(Above: The Delgani String Quartet, left to right, Wyatt True, Jannie Wei, Kimberlee Uwate and Eric Alterman)

By Daniel Buckwalter

I have had the privilege of seeing the eyes of the elderly.

Their bodies are often still, but their eyes race backwards uninterrupted, to “home.” It always is a private journey. The pictures are their own, with no words.

It also is a notable journey. I can tell because those eyes often well with tears.

I don’t know if Tomas Svoboda, the brilliant Portland-based composer of Czech descent, has these moments. I do know that he turned 80 this past Friday and has had mobility issues since a stroke in 2012.

I also know that the prolific Svoboda (more than 200 works composed and more than 50 works recorded) was given the gift of his music as a birthday gift this weekend, a tribute courtesy of the Eugene-based Delgani String Quartet.

Delgani played Friday evening at Tsunami Books in Eugene, then for a small gathering in Portland on Saturday, including members of the Svoboda family (wife Jana, son Martin, and daughter Lenka). It was unclear Friday whether Tomas Svoboda would make it to Saturday’s performance. I hope he did. His music on Friday sounded wonderful played against the steady rain pounding on Tsunami Books’ roof.

Delgani (Jannie Wei, Wyatt True, Kimberlee Uwate and Eric Alterman) played three of Svoboda’s string quartets, Nos. 10, 6 and 12. Each had the sensation, I thought, of an elderly man returning to the memories of “home.”

The first piece, String Quartet No. 10, was inspired by a dream Svoboda had about his homeland and its native folk music. Slavic folk elements are a staple the composer has often featured, and this piece had its playful and affirmative aspects.

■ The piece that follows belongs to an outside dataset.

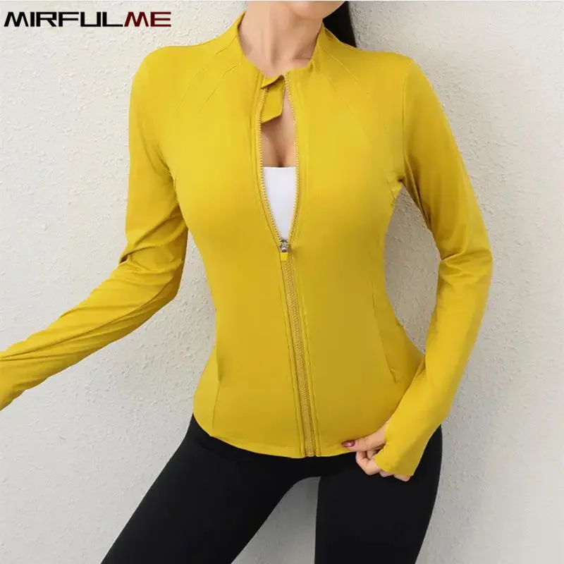 Ženy sport bundy na zip joga oblečení štíhlý cvičení bunda dlouhé rukávy běžecký svrchní rychlý suchý fitka fitness nejvyšší kabát femme

It contrasted sharply with the second piece, String Quartet No. 6.

The Czech Republic, as it has been called since 1993, has seen more than its share of turmoil. As Czechoslovakia, as it was known from 1918 to 1993, it saw the horrors of advancing Germans in World War II. The Svoboda family (Tomas’ father, Antonin, was a mathematics professor and accomplished pianist) escaped at the start of the war and emigrated to Boston.

After the war, the Svoboda family returned to their homeland, but soon came the crushing realization that the old Soviet Union would have a stranglehold on a small nation that too often would not have self-determination.

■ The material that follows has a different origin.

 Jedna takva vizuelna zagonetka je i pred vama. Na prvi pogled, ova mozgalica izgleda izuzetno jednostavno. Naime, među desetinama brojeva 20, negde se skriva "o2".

This time, the Svoboda family left again in 1964 for the United States and didn’t look back. String Quartet No. 6 has a violent, militaristic insistence to it, especially in the second of the three movements. I could feel the tension, sense the chaos and even hear the tanks in Delgani’s performance.

String Quartet No. 12 was the final selection of the Svoboda tribute. Subtitled “Post Scriptum,” No. 12, as Delgani noted in its program, “is a work of deep feeling in which all human experience is accepted and transformed into tenderness. Great joy and great pain are present here, beyond optimism and pessimism.”
That sounds like childhood.

It was nice to receive this brief view into Tomas Svoboda’s “home.”